Greinasafn fyrir merki: America

Can we trust Trump and the Americans?

By Sigurdur Arni Thordarson – June 18, 2025

I have made a decision that feels both personal and political: I will not support American businesses in the coming years. I will avoid traveling to the United States, and I have largely stopped purchasing American-made products or using U.S.-based services. Most importantly, I will not remain silent in the face of abuses by Donald Trump, his allies, or anyone who undermines the values I once admired in the American republic. This is not a gesture of hate. It is an expression of sorrow — and resolve.

I was educated in the United States and hold deep respect for its history, its ideals, and its people. I have friends across the country and cherish the hospitality and generosity I encountered there. But it is precisely because I care that I now feel compelled to speak up. I worry that the America I came to know is slipping away — not because of foreign enemies, but because of erosion from within.

The political and cultural polarization in the U.S. has become not only alarming but destabilizing. I fear for the health of American democracy and for the institutions meant to protect it. Reform and accountability are long overdue — but what we are witnessing now is something darker: the normalization of lies, the glorification of power, and the abandonment of the rule of law. These are not just internal matters. The United States, whether it likes it or not, remains a global leader. Under Donald Trump’s leadership, many of us in Europe have been forced to reckon with the consequences of that fact.

Undermining NATO

Trump has repeatedly cast doubt on America’s commitment to NATO, weakening trust among allies and destabilizing the security architecture that has kept Europe at peace since the Second World War. When the U.S. sends signals of unreliability, adversaries notice — and exploit it.

Trade Hostility and Economic Bullying

Rather than strengthening partnerships, the Trump administration embraced trade wars and tariff threats. Longstanding alliances were treated as liabilities rather than assets. Diplomacy gave way to bravado.
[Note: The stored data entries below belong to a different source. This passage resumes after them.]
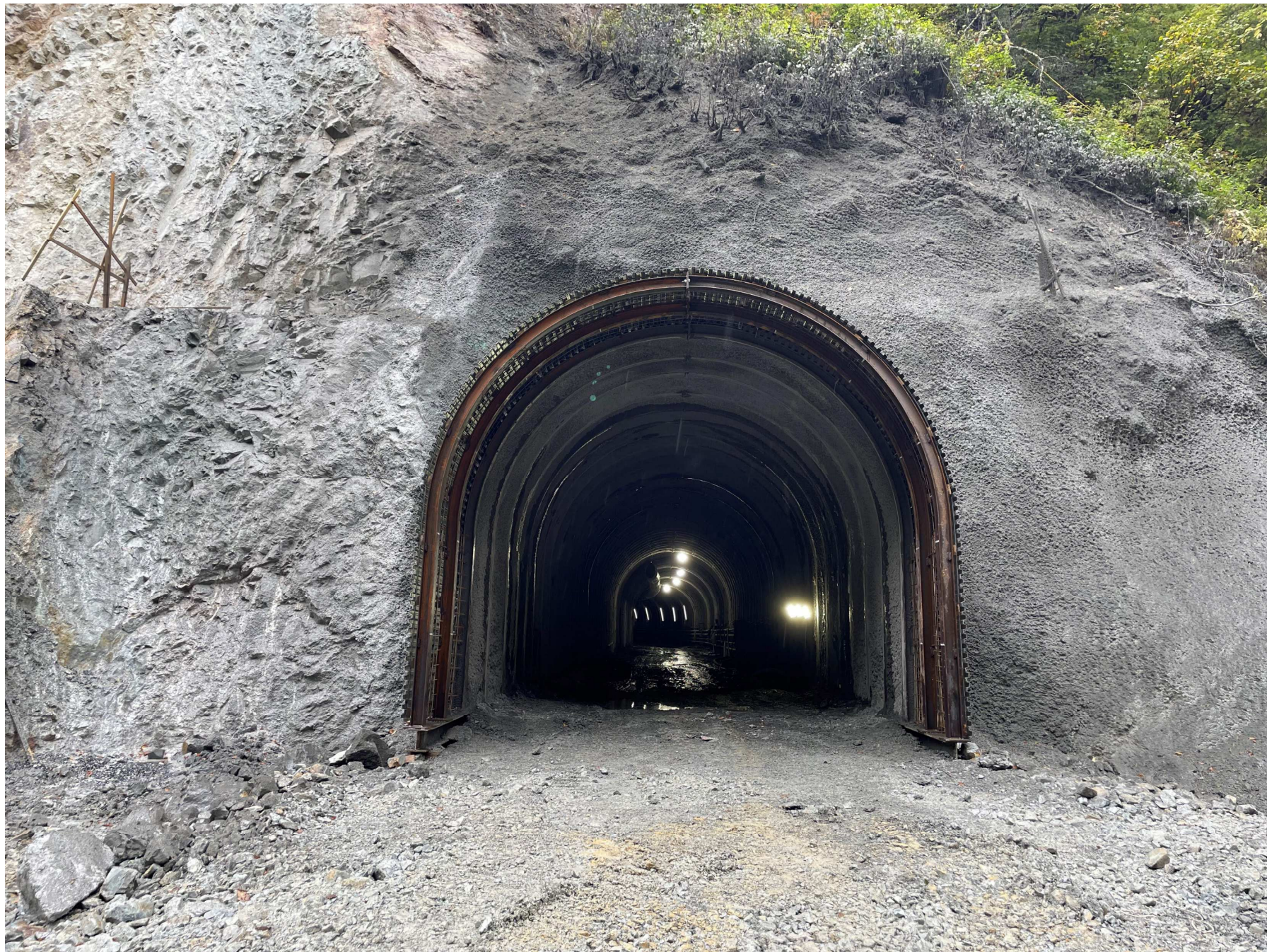
(5)堤外仮排水トンネル吐口部 (R4年10月撮影)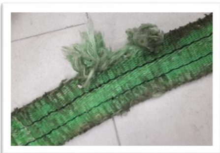
Cortes y/o rasgones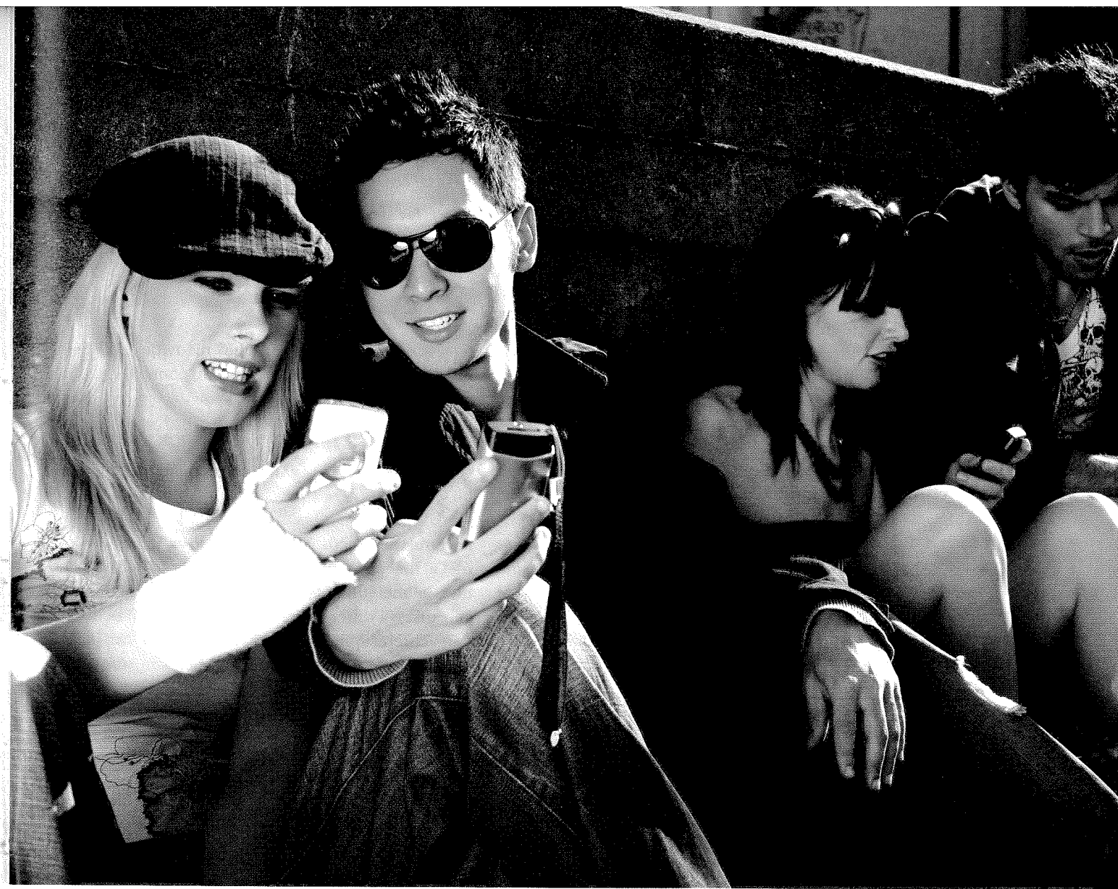
Door mobiele telefoons met internet en camera is er niet één Big Brother , maar zijn er vele Little Brothers .

"Daarbij komt dat iedereen tegenwoordig een mobieltje heeft met foto- en filmmogelijkheden. Gevolg is dat we ons steeds meer bewust worden van het feit dat gekke en rare handelingen door andere mensen vastgelegd en verspreid kunnen worden. Wanneer de intieme levenssfeer verdwijnt, krijg je modelburgers, oppervlakkige mensen, die steeds alles 'goed' willen doen. Vandaag de dag is het niet alleen de overheid die ons met camera's in de gaten houdt. Door de mobiele telefoons, doen we het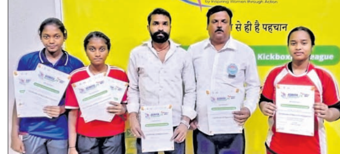
ମହିଳା କିମ୍ବଦନ୍ତୀରେ ସଫଳତା ପାଇଥିବା ଜଗତସିଂହପୁର ୩ ଛାତ୍ରୀ ଓ ଅନ୍ୟମାନେ।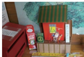
▲②七福神の展示(一例)

■①開運! 虫みくじ、②森の七福神めぐり 日1月6日(土)～8日(祝)の①9:00～16:00、②10:00～14:00 内①昆虫のかわいいイラスト付き虫みくじを引いて新年の運勢を占う、②同園を巡って七福神探し。参加者には記念品を進呈 駐普通車450円 申①②当日会場で。先着各日①200人、②100人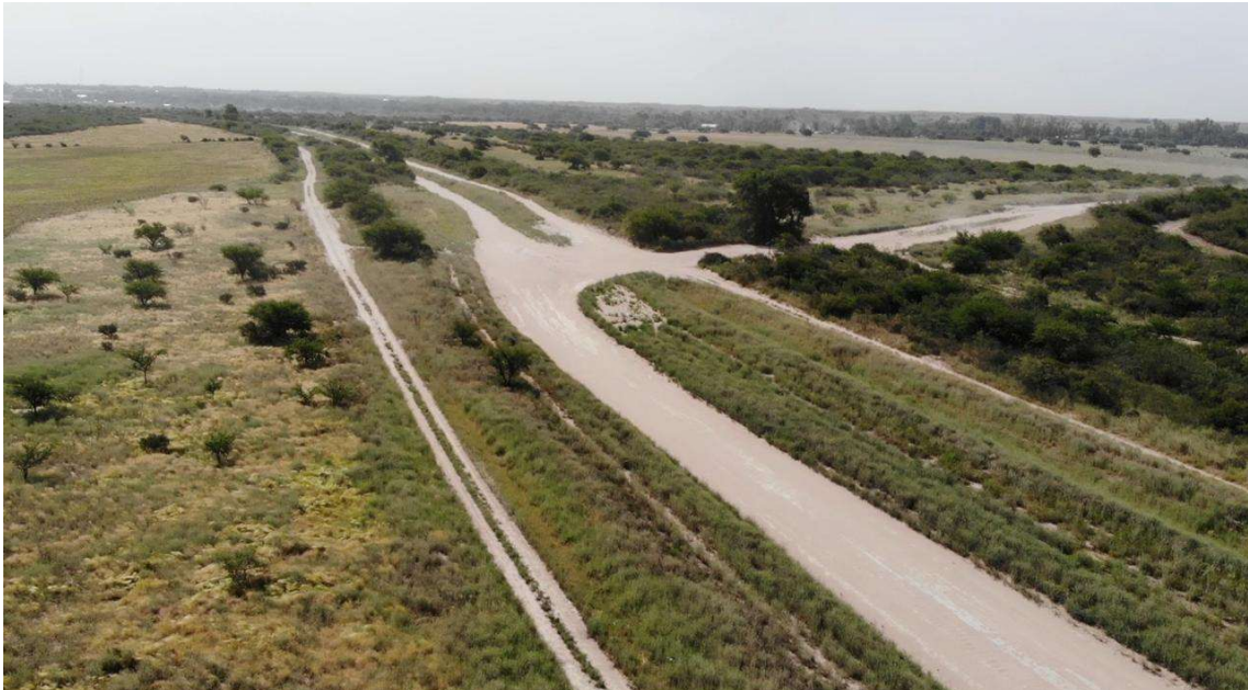
Imagen 1. Frente del campo sobre la Ruta Provincial 9.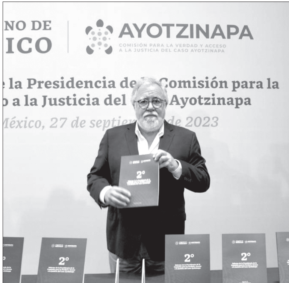
▲ El subsecretario de DH de la Secretaría de Gobernación presentó ayer el segundo informe de la Comisión para la Verdad y el Acceso a la Justicia del Caso Ayotzinapa.

A pregunta expresa sobre la intención del ex jefe de la Secretaría de Seguri-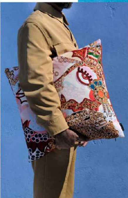
Right, Narciso, the beautiful peacock in love with his diadem and embellished with his blue and purple feathered cloak. Below, Kaulonius, the capricious and mischievous dragon who enchants friends and enemies with crazy spells.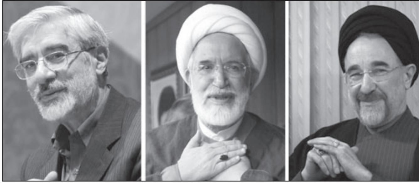
من اليمين محمد خاتمي ومهدي كروبي ومير حسين موسوي الذين دعا قائد رفيع في الحرس الثوري الإيراني الى محاكمتهم أمس

■ عواصم-وكالات: دعا قائد رفيع في الحرس الثوري الإيراني أمس الأحد إلى «محاكمة ومعاقبة» الرئيس الاصلاحى السابق محمد خاتمي ومرشحي المعارضة الى الانتخابات مير حسين موسوي ومهدي كروبي، وروهم في الاحتجاجات التي أعقبت الانتخابات الرئاسية في 12 حزيران (يونيو). وتحدث يد الله جواني قائد المكتب السياسي في هذه القوة النخبوية في النظام عن مؤامرة حيكمت بهدف قيام «ثورة مخملية» ضد الجمهورية الاسلامية. وقال جواني في مقال نشرته اسبوعية صبح صادق التي يصدرها المكتب السياسي في الحرس الثوري «ما هو دور خاتمي وموسوي وكروبي (...) في هذا الانقلاب؟ إن كانوا مؤامرين، وهذا هو الواقع، فعلى مسؤولي القضاء والامن توقيفهم ومحاكمتهم ومعاقبتهم لاحكام نيران هذه المؤامرة». كذلك دعا مسؤول عسكري اخر الى اتخاذ اجراءات بحق «قادة المؤامرة». وأفادت وكالة الأنباء الرسمية (ايرنا) ان الجنرال مسعود جزائري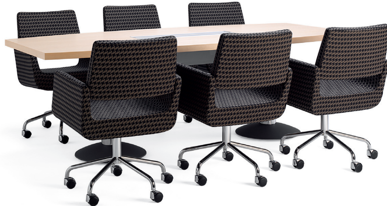
4921 GIRO konferensstol / conference chair / konferenzstuhl / siège de réunion 735-KA AGENDA konferensbord / conference table / konferenztisch / table de réunion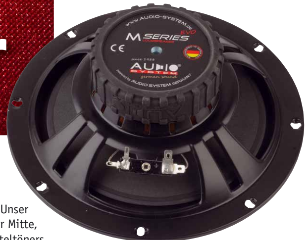
Der Antrieb des M 20ers sieht vergleichsweise zierlich aus am großen Korb

Im Messlabor punktet der Tiefmitteltöner zuallererst mit satten 92 dB Kennschalldruck an 2 V. Dabei helfen ihm seine Membranfläche, die leichte Schwingenheit und die 3 Ohm Schwingspule. Das macht ihn so laut, dass er notfalls auch am Autoradio läuft. Im Mittelton gibt es sogar noch mehr Schalldruck,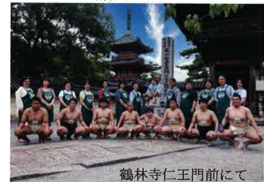
鶴林寺仁王門前にて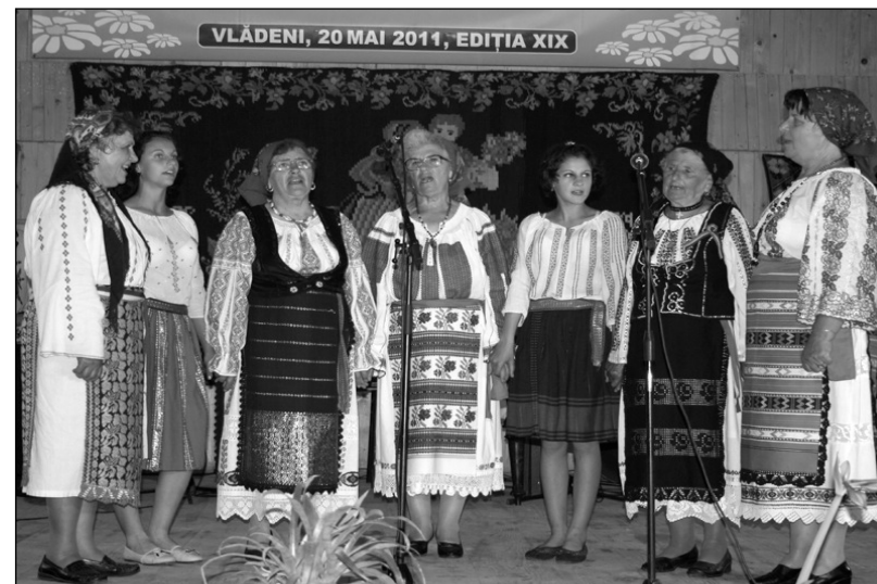
Grupul Folcloric Tradițional „Izvoarașul” (Ghimpați, jud. Ialomița) - Premiul II la Secțiunea Grupuri folclorice tradiționale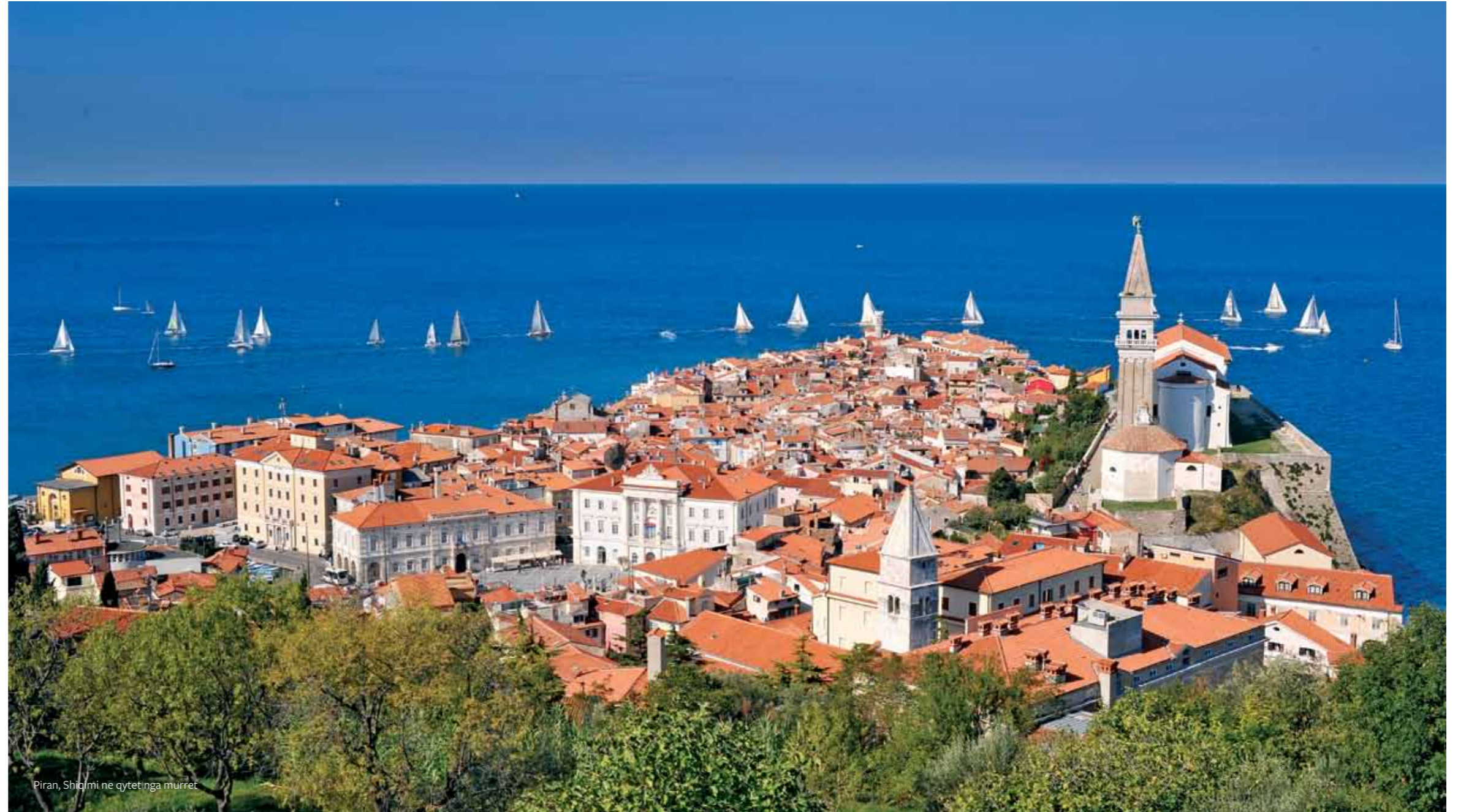
Piran, Shikimi ne qytet nga muret

Pirani me thelbin e vet te qytetit e vjetër dhe kryporet perfaqeson nje permendore te rendesishme te trashegemise se pasur arkitektonike dhe nje pejsazh unik i kultures se krypes te cilat edhe sot jane duke punuar prodhimi bazohet ne kultivimin tradicional. Instituti per trashegemine e Mediteranit i qendres hulumtuese – shkencore te universitetit Primorska, ne bashkpunim me komunen e Piranit dhe institucionit per mbrojtjen e trashegemise pergatisin nje baze profesionale per nominimin e qytetit te Piranit dhe rethines se tij natyrore per hyrje ne regjister te UNESCOs. Gadishuli i Piranit ka nje pozit shume te mire –shkrep malor ne pjesen verijore i cili e mbron qytetit fortuna , dhe shkembi i pjeret si dhe gjiri i detit ne pjesen lindore mundesojne nje pamje te mire mbi hyrrjen e vetme nga pjesa tokesore, per kete shkak edhe ka qene i banueshem qysh ne kohnat parahistorike. Ne pjesen e bregut te detit te ceket reth kepit Madonna eshte zbuluar nje thike prej gurrit nga koha e bronzit, kurse ne sheshin e vjeter te qytetit jane zbuluar disa gjera nga koha

Trust gave way to suspicion.

A Retreat from Multilateralism

“America First” became, in practice, America alone. The Trump years were marked by a disdain for international cooperation — precisely when global challenges like climate change, migration, and inequality demanded collective action.

Authoritarian Echoes

To many Europeans, Trump’s language and tactics are hauntingly familiar. We have read this chapter in history before — in the 1930s. We know where it can lead. His contempt for checks and balances, his attacks on the press, and his demonization of political opponents should alarm anyone who values democracy.

Environmental Abandonment

The withdrawal from the Paris Agreement and the dismantling of environmental protections sent a clear message: short-term profit over planetary survival. For humanity facing wildfires, floods, and climate-linked migration, this was reckless.

Human Rights Violations

The Trump administration’s treatment of migrants and refugees violated basic principles of human dignity. Separating children from parents, criminalizing asylum, and vilifying outsiders were not only cruel — they ran counter to the values the U.S. once championed.

Aligning with Autocrats

Whether cozying up to Vladimir Putin or praising other strongmen, Trump seemed more comfortable with autocracy than democracy. His behavior towards the Russian invasion to Ukraine not only raised ethical questions — it imperiled European security.

Collapse of Trust

Many Europeans once viewed the United States as a trustworthy friend. That trust has frayed. Today, we see a nation at war with itself — and a leader whose arrogance and erratic behavior cast a long shadow over transatlantic relations.

Resistance and Hope

Across Europe, Trump’s politics have been met with protests and resistance. The approaches and slogans may vary, but the message is consistent: we will not normalize tyranny. We stand with those Americans fighting for decency, justice, and truth.

To be clear: this is not an attack on the American people. It is an appeal to those who believe in the promise of the United States. Trump’s rise has revealed not only American vulnerabilities but our own. European democracies are not immune to the same forces of anger, apathy, and extremism. But exposure can be the first step toward healing. That is why I speak out. I do so as a friend — and as a global citizen who believes silence is complicity.

The photograph above is from July 4, 2017. It shows my sons wearing red-white-and-blue hats, gifts from the U.S. Ambassador to Iceland. I still hope that the ideals represented by those colors — freedom, equality, courage — can be reclaimed and renewed. But for that to happen, more of us must speak.